Supplied information:
╔══

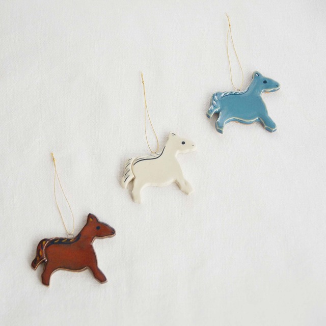 陶器で作ったオーナメント。 「うま」のかたちです。 1点ずつ手作りのため、また焼き上がりにも多少違いがございます。 ご了承いただけますと幸いです。 【サイズ】幅7~8cm / 高さ6.5cm~7cm 【素材】 陶器、紐 ※※合成漆、塗料を使って絵付けしています。小さいお子様が口に入れないようにお気をつけください。
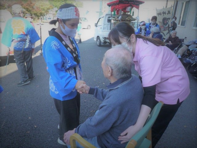 子供神輿【2022年11月】 グループホームさくら 2022.11.032024.11.18 3年ぶりに子供神輿が開催されました。 子供たちを優しい眼差しで見守られ、太鼓のリズムに合わせて手拍子したりと久しぶりの地域の行事を楽しまれていました。
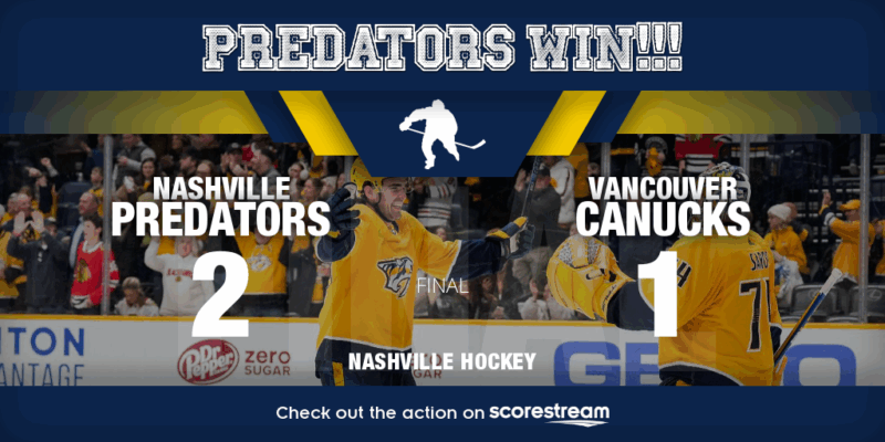 Nashville seized the lead when Cole Smith scored at 5:09 of the third period, with assists from Michael McCarron and Justin Barron. The goal proved to be the game-winner as both goaltenders locked down for the remainder of regulation.
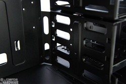 L'arrière est aussi familier. Nous y retrouvons les sept slots d'extension, qui ne sont toujours pas équipés de systèmes de fixation rapide, mais gagnent ici des vis à main plus pratiques. Les passes-cloison pour les tuyaux de refroidissement à eau et le ventilateur d'extraction sont également présents. L'espace disponible dans le châssis permet l'installation de ventirads de 15,4 cm de hauteur, ainsi que la mise en place de cartes graphiques jusqu'à 42,7 cm une fois la cage de HDD et un ventilateur préalablement enlevés.

╚══

Task item:
With the pictures removed, copy the data above word for word.

Task result:
 陶器で作ったオーナメント。 「うま」のかたちです。 1点ずつ手作りのため、また焼き上がりにも多少違いがございます。 ご了承いただけますと幸いです。 【サイズ】幅7~8cm / 高さ6.5cm~7cm 【素材】 陶器、紐 ※※合成漆、塗料を使って絵付けしています。小さいお子様が口に入れないようにお気をつけください。
 子供神輿【2022年11月】 グループホームさくら 2022.11.032024.11.18 3年ぶりに子供神輿が開催されました。 子供たちを優しい眼差しで見守られ、太鼓のリズムに合わせて手拍子したりと久しぶりの地域の行事を楽しまれていました。
 Nashville seized the lead when Cole Smith scored at 5:09 of the third period, with assists from Michael McCarron and Justin Barron. The goal proved to be the game-winner as both goaltenders locked down for the remainder of regulation.
 L'arrière est aussi familier. Nous y retrouvons les sept slots d'extension, qui ne sont toujours pas équipés de systèmes de fixation rapide, mais gagnent ici des vis à main plus pratiques. Les passes-cloison pour les tuyaux de refroidissement à eau et le ventilateur d'extraction sont également présents. L'espace disponible dans le châssis permet l'installation de ventirads de 15,4 cm de hauteur, ainsi que la mise en place de cartes graphiques jusqu'à 42,7 cm une fois la cage de HDD et un ventilateur préalablement enlevés.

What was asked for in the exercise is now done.